Broadly speaking, the panel at the 'Natural Wine – Talks and Thoughts' seminar, held as part of Crave Sydney International Food Festival (CSIFF), agreed that 'natural' wines are those produced from biodynamic or organic fruit, with minimal intervention in the winery.
But just what constitutes 'minimal' intervention was up for debate.
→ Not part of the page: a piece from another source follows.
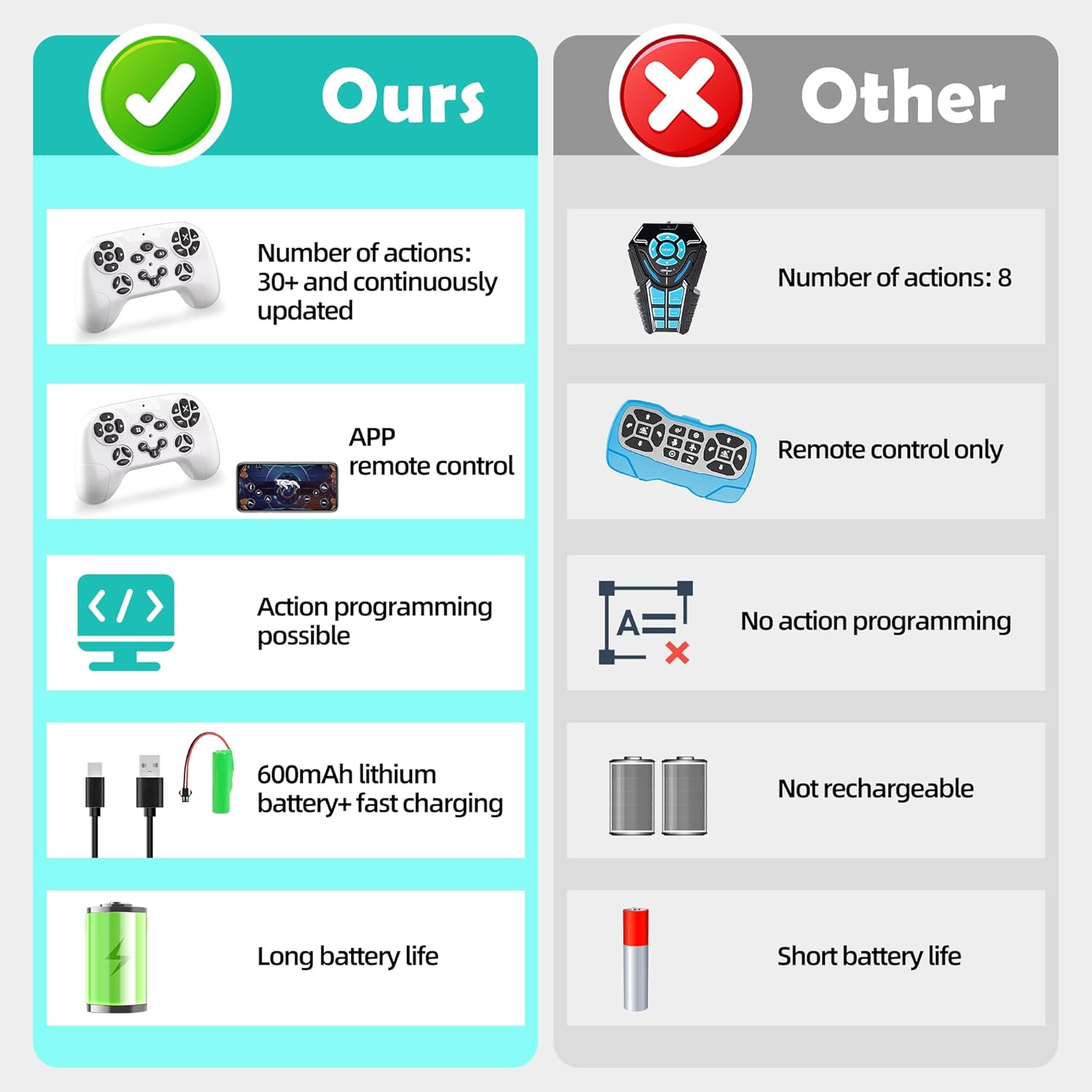 STEM Learning & Custom Programming: Spark creativity with coding mode! Kids can design custom action sequences, building logic skills while playing-an ideal gateway to robotics for ages 6-12.

Hooke and wine importer Andrew Guard both declared that the addition of sulphur is acceptable and maybe even essential.
"You can't make a clean wine, not one that will stay clean and fresh anyway, without a touch of sulphur," Hooke said.
"Sulphur's in for me but there are some people that absolutely consider that natural wines shouldn't be made with sulphur," added Guard.
The purist on the panel, Richard Harkham, of the Hunter Valley's Harkham Winery, countered that sulphur-free wine "displays natural viscosity and aromas".
"Every bottle brings an element of surprise which I personally love," he said.
Harkham said wines with additives cannot truly express terroir, but Hooke said wine cannot express terroir unless it is clean and fault-free.
All wine is natural to some extent, added Hooke, "it's just that some are more natural than others".
"If you had wine that was completely natural, it would just be a dirty puddle on the floor where a bunch of grapes sat and rotted for awhile," he said.
"There is manipulation at every level – you would not be able to get a grape vine to produce grapes if you didn't manipulate the vine, for a start."
He said the word 'natural' is "fraught and should be rephrased".
As the 45-minute session drew to a close, a question from a puzzled audience member asking the panel to again clarify their definition of 'natural' perhaps illustrated his point.
Natural wine is nothing new: Brown Brothers
Brown Brothers' Katherine Brown reminded the audience that natural winemaking is hardly new.
"Back in 1889, my great grandfather was playing around with some grapes in his back shed to make our commercial vintage," she said.
"Of course at that stage he had no yeast, the yeast would have come from the grapes. He wouldn't have had any tartaric acid. He wouldn't have had any chemicals to put out on the grapes."
"It's the old becoming new again."
The MC of the session, Nick Stock, was optimistic that the natural wine movement is beginning to move past the "dogma" that has plagued its recent resurgence.
"Because of such an enthusiastic willingness to want to do less and 'take your hands off the wheel', some people seem to be excusing plainly unenjoyable, faulty wine, on the basis of the philosophy behind its production outweighs the end result," he said.